Череда неподражаемых путешествий «превосходного писателя и туриста-по-случаю», взрывающих монотонность преодоления пространств (от Лондона до Ханоя («Великий железнодорожный базар»), через Бостон в Патагонию («Старый Патагонский экспресс») и далее) страстью к встрече с неповторимо случайным.

«Великолепно! Способность Теру брать на абордаж отдаленнейшие уголки Земли не может не восхищать. Его описания просто заставляют сорваться с места и либо отправляться самолетом в Стамбул, либо поездом в Пномпень, либо пешком в Белфаст… Особо подкупает его неповторимое умение придать своему рассказу о путешествии какую-то сновидческую тональность, дать почувствовать через повествование подспудное дыхание теней и духов места».

Пико Айер

Предисловие

Больше десяти лет я скитался по Африке, Азии и Европе, но ни разу даже не подумал взяться за книгу путевых очерков. Этот жанр я всегда недолюбливал: за избыток самовлюбленности, за отсутствие юмора, а еще потому, что слишком многое, на мой вкус, оставалось за пределами повествования. Мне казалось, что писатели-путешественники (и писательницы-путешественницы) умалчивают о массе важных вещей, зато непременно стремятся рассказать обо всем, что вообще не заслуживает внимания. Я терпеть не мог осматривать достопримечательности, а эти писатели только о них и толковали: пирамиды, Тадж-Махал, Ватикан, картины в пункте А, мозаики в пункте Б… Наступила эпоха массового туризма, когда все ездили смотреть одно и то же, а авторы путевых очерков, соответственно, об одном и том же писали. (Учтите, я имею в виду период с начала 60-х по первую треть 70-х.)
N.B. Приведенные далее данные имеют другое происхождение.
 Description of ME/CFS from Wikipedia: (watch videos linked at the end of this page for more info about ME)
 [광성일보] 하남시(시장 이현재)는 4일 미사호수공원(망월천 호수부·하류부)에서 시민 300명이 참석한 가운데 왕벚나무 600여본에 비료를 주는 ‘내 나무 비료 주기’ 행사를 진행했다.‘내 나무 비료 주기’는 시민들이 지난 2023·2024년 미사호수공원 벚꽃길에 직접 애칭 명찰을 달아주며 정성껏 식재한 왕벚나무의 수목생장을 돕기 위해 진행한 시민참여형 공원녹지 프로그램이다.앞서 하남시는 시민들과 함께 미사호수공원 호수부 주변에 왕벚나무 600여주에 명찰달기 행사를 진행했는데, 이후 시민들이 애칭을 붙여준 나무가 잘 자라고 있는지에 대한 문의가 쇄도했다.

Путевые очерки были скучнейшим чтением. Сочиняли их зануды для таких же зануд. Воображаю: какой-нибудь замухрышка в мягких шлепанцах переворачивает страницы, то и дело слюнявя палец, а потом, заложив книгу своим читательским билетом, заявляет: «О, я-то путешествую сидя у камина!» Что касается авторов, то в них меня раздражало нежелание упоминать о моментах, когда ими завладевало отчаяние, похоть или панический страх. В книгах не упоминается, как писатель наорал на таксиста, или как переспал с кем-то из местных, или как дрых до полудня, проспав все царство. А чем они питались? Что читали, коротая время в пути? И каковы в чужих землях сортиры? На своем веку я достаточно поездил, чтобы уяснить: путешествие как минимум наполовину состоит из ожидания и неприятностей. Автобусы ломаются, портье хамят, торговцы на рынках так и норовят обмишулить. Правда о путешествиях неожиданна и неказиста. Писать о ней решаются немногие.
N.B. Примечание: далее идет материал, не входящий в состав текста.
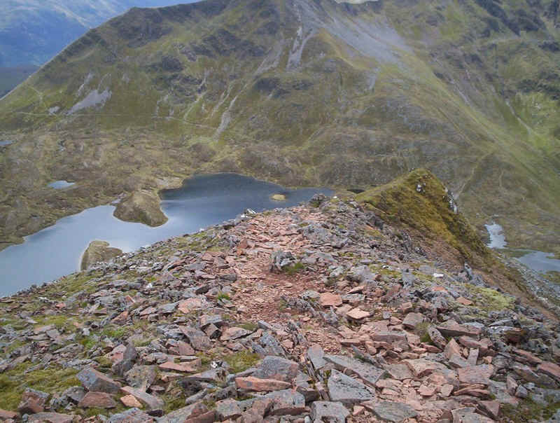 The photograph above shows the whole of the next stage of the walk along a superb path to the col just below Binnein Beag and then up the ridge to the summit.

Время от времени натыкаешься на эту правду в отдельных книгах — в эпизоде «Ярлыков» Ивлина Во, когда автора путают с его братом Алеком, или у Найпола, когда он пытается поступать великодушно, но тут же раздражается, в «Территории тьмы»

О том, как надо и как не надо писать путевые очерки, хорошо сказано в романе, который, казалось бы, совсем о другом — у Набокова в «Смехе в темноте». Один из персонажей говорит: «Беллетрист толкует, например, об Индии, где вот я никогда не бывал, и только от него и слышно, что о баядерках, охоте на тигров, факирах, бетеле, змеях — все это очень напряженно, очень прямо, сплошная, одним словом, тайна Востока, — но что же получается? Получается то, что никакой Индии я перед собой не вижу, а только чувствую воспаление надкостницы от всех этих восточных сладостей. Иной же беллетрист говорит всего два слова об Индии: я выставил на ночь мокрые сапоги, а утром на них уже вырос голубой лес (плесень, сударыня, — объяснил он Дорианне, которая поднимала одну бровь), — и сразу Индия для меня как живая, — остальное я уж сам воображу».

Путевые очерки хороши, когда описываются немудрящие бытовые подробности.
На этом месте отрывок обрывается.